今年すでにITFシングルスで2勝、ランキングも300位代中盤からジリジリと上げ、グランドスラム予選の背中が見え始める選手でありながら、あまりその存在は知られていないのではないでしょうか。

Lily?ロンドン在住??大学はオクラホマ???

謎は深まるばかり。

本人から「正直私は日本語が少し苦手なのですみません!」と言われ、このメッセージさえ「ショウジキワタシハニホンゴガスコシニガテナノデスミマセ〜ン」と頭の中では外国語風に変換してしまう始末。

Zoomの画面越しに明るい日本語が聞こえるまでは、いったいどんなインタビューになってしまうのだろうと、期待よりも不安が大きかったことを吐露しておきます(笑)

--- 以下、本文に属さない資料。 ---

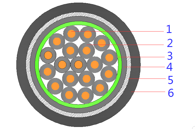 | 6 | 鎧裝層 | 鋼絲 | ||||||||||||||||||||

名前は「だいたいリリーって呼ばれます(笑顔)」ということですので、記事にもそのまま「リリー(さん)」と呼ばせていただくことにしました!

テニストライブ(TT):リリーさん、まず何より最初に聞かせてください!日本人ですか??

宮崎百合子選手(リリー):ハイッ、ワタシ、日本人です!東京で生まれて、5歳から父の仕事でスイスのチューリッヒに引っ越しをするまで、神楽坂に住んでました。

TT:あ、そうなんですね(何かわかりませんが、少しホッとする)。でもそれからはずっと外国ですか?

リリー:いえ、9歳から1年半くらい日本に帰ってきた、小学校に通ってました。でもそのあとは大学でオクラホマ以外はずっとロンドンです。

TT:スイスにいらっしゃったということで、フランス語かドイツ語もできちゃったりします?

リリー:チューリッヒはドイツに近いので、スイス・ジャーマンでした。小さい頃に少ししかいなかったので、喋るのは苦手ですけど、何を言ってるかくらいは何となく分かります。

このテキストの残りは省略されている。